Confissão do autor
C
omo todos os meninos uruguaios, eu também quis ser jogador de futebol. Jogava muito bem, era uma maravilha,
mas só de noite, enquanto dormia: de dia era o pior perna
de pau que já passou pelos campos do meu país.
Como torcedor, também deixava muito a desejar. Juan Alberto Schiaffino e Julio César Abbadie jogavam no Peñarol, o time
inimigo. Como bom torcedor do Nacional, eu fazia o possível
para odiá-los. Mas Pepe Schiaffino, com suas jogadas magistrais,
armava o jogo do seu time como se estivesse lá na torre mais alta do
estádio, vendo o campo inteiro, e Pardo Abbadie deslizava a bola
sobre a linha branca da lateral e corria com botas de sete lé­guas,
gingando, sem tocar na bola nem nos rivais: eu não tinha saída a
não ser admirá-los. Chegava até a sentir vontade de aplaudi-los.

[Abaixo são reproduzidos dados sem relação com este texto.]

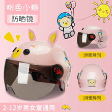 儿童头盔男女童夏季电动车头盔防晒电瓶车宝宝头灰盔四季通用安全帽 粉色小熊【防晒镜片】

Os anos se passaram, e com o tempo acabei assumindo minha
identidade: não passo de um mendigo do bom futebol. Ando pelo
mundo de chapéu na mão, e nos estádios suplico:
– Uma linda jogada, pelo amor de Deus!
E quando acontece o bom futebol, agradeço o milagre – sem
me importar com o clube ou o país que o oferece.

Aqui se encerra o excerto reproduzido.